The town of Raymond is hoping to purchase 83 acres of land previously used as a landfill on Egypt Road.

The property belongs to Trudylinn Files of Raymond who previously applied to develop a subdivision. Files refused comment on the proposal.

According to Town Manager Don Willard, the 83 acres were used as a municipal landfill for approximately 20 years until 1983 when the state closed down landfill sites statewide. The shutdown was completed under state supervision, he said.

Files applied for approval to build a 9-lot subdivision on the front portion of the land last year. Raymond selectmen initiated an evaluation of the site that was mostly funded by the Department of Environmental Protection. The town also hired the engineering firm of Woodard & Curran to do testing of the groundwater for possible contamination.

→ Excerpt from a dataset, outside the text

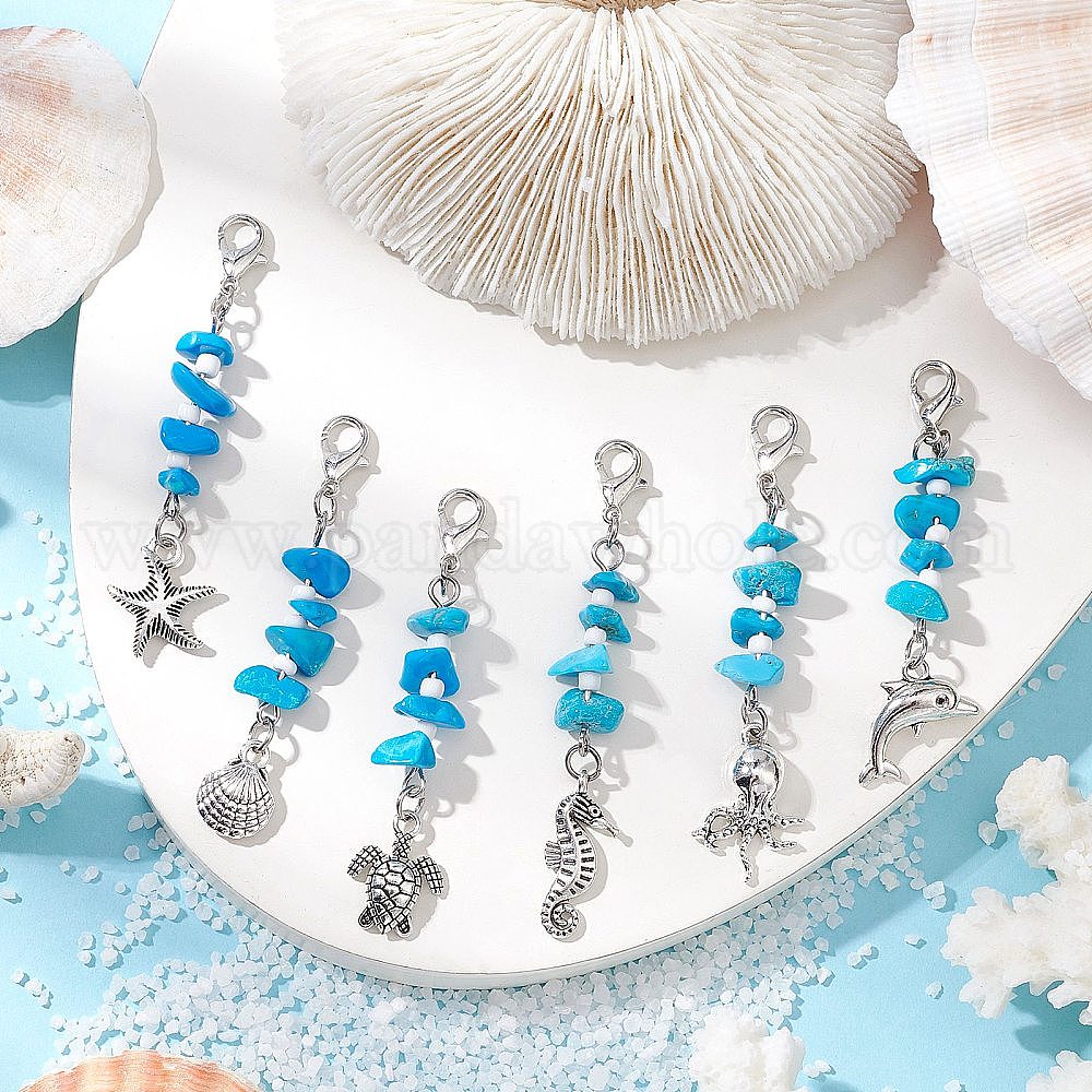 Подвесные украшения из сплава в тибетском стиле с морскими животными, с синтетической бирюзовой крошкой и стеклянными бусинами, застежками-лобстерами
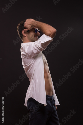 confident posing young man abs fit slim unbuttoned shirt side vi

“Preliminary testing yielded a result of no catastrophic contamination,” said Willard. “Testing didn’t prove or disprove health risks.”

“The testing was strictly hydrogeological. We only tested drinking water sources for contamination. Nothing found was out of the ordinary,” Amanda Simpson, assessor’s agent with a background in certified planning, clarified when asked what the test results yielded.

Raymond hopes to buy the land to be maintained as open space reserve by the Conservation Committee. According to Willard the town selectmen decided to negotiate the purchase because of the public safety concern posed by the pollution under the landfill which could find its way into a subdivision’s water supply.

“We are protecting against the unknown,” Simpson said.

The Board of Selectmen, after holding executive sessions on the matter, has reached an agreement with Files to pay $100,000 for the 83 acres. Willard stated that $75,000 would come from town budget surplus and $25,000 would come from the Open Space Reserve Fund.

Raymond is responsible for liability of the site regardless whether they purchase the land, so, in addition to the money paid, the town would also indemnify Files from any future concerns that may arise.

Preliminary ideas for use of ther acreage includes installation of a baseball field or recreational area on a portion of the land, Willard said. Tax assessor Simpson stressed that the land can be used for functions not requiring wells to be dug for drinking water. The purpose of the town buying the land is to not develop it residentially.

Former Selectman Dana Desjardins has qualms over using the area for playing fields.

“I don’t think I want my kid playing baseball over a landfill that could be contaminated,” he said.

The matter will go before voters at Annual Town Meeting in May. Willard said that preparation of a legal document has begun in hopes of a favorable vote during the town meeting. Town officials say they wish to move as quickly as possible with a target date of possession of the property at the beginning of the fiscal year which begins July 1, 2005.